[Provided material]
%%

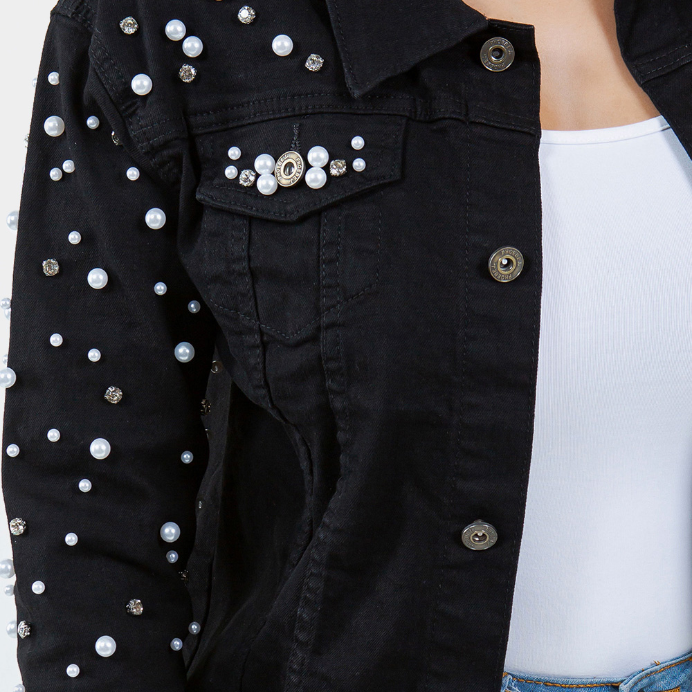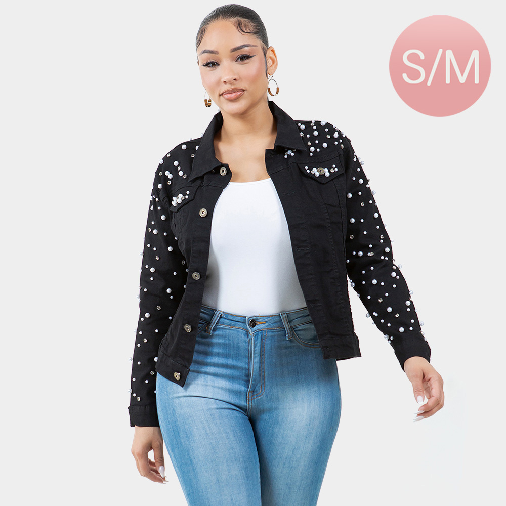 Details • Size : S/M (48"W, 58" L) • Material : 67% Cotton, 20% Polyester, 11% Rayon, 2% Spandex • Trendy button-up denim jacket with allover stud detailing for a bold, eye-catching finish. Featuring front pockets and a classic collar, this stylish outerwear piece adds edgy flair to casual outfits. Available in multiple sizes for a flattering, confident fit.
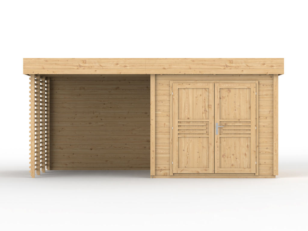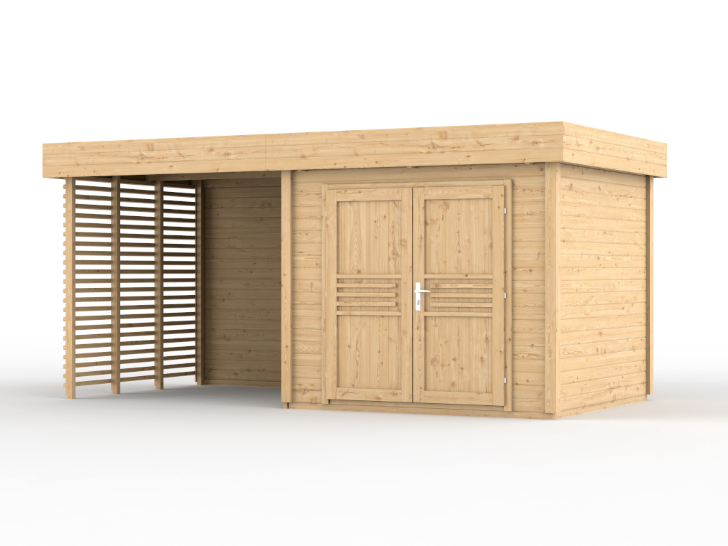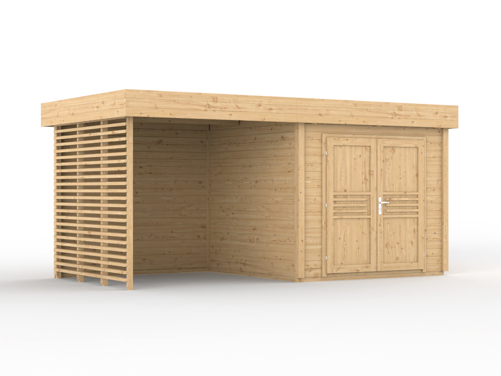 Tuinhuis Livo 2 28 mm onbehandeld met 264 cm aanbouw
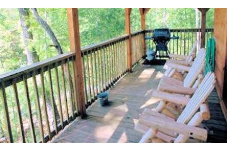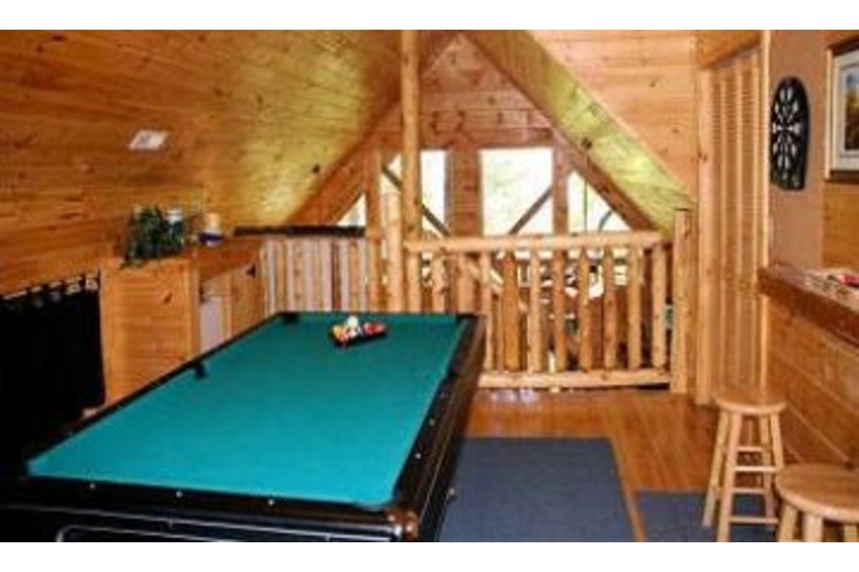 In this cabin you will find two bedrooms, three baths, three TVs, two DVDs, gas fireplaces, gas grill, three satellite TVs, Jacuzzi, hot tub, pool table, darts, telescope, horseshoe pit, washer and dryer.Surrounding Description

%%

[Work task]
Repeat, exactly and in full, each line from the start of the data to the line that contains "Tuinhuis Livo 2". Pictures do not go in.

[Response box]
 Details • Size : S/M (48"W, 58" L) • Material : 67% Cotton, 20% Polyester, 11% Rayon, 2% Spandex • Trendy button-up denim jacket with allover stud detailing for a bold, eye-catching finish. Featuring front pockets and a classic collar, this stylish outerwear piece adds edgy flair to casual outfits. Available in multiple sizes for a flattering, confident fit.
 Tuinhuis Livo 2 28 mm onbehandeld met 264 cm aanbouw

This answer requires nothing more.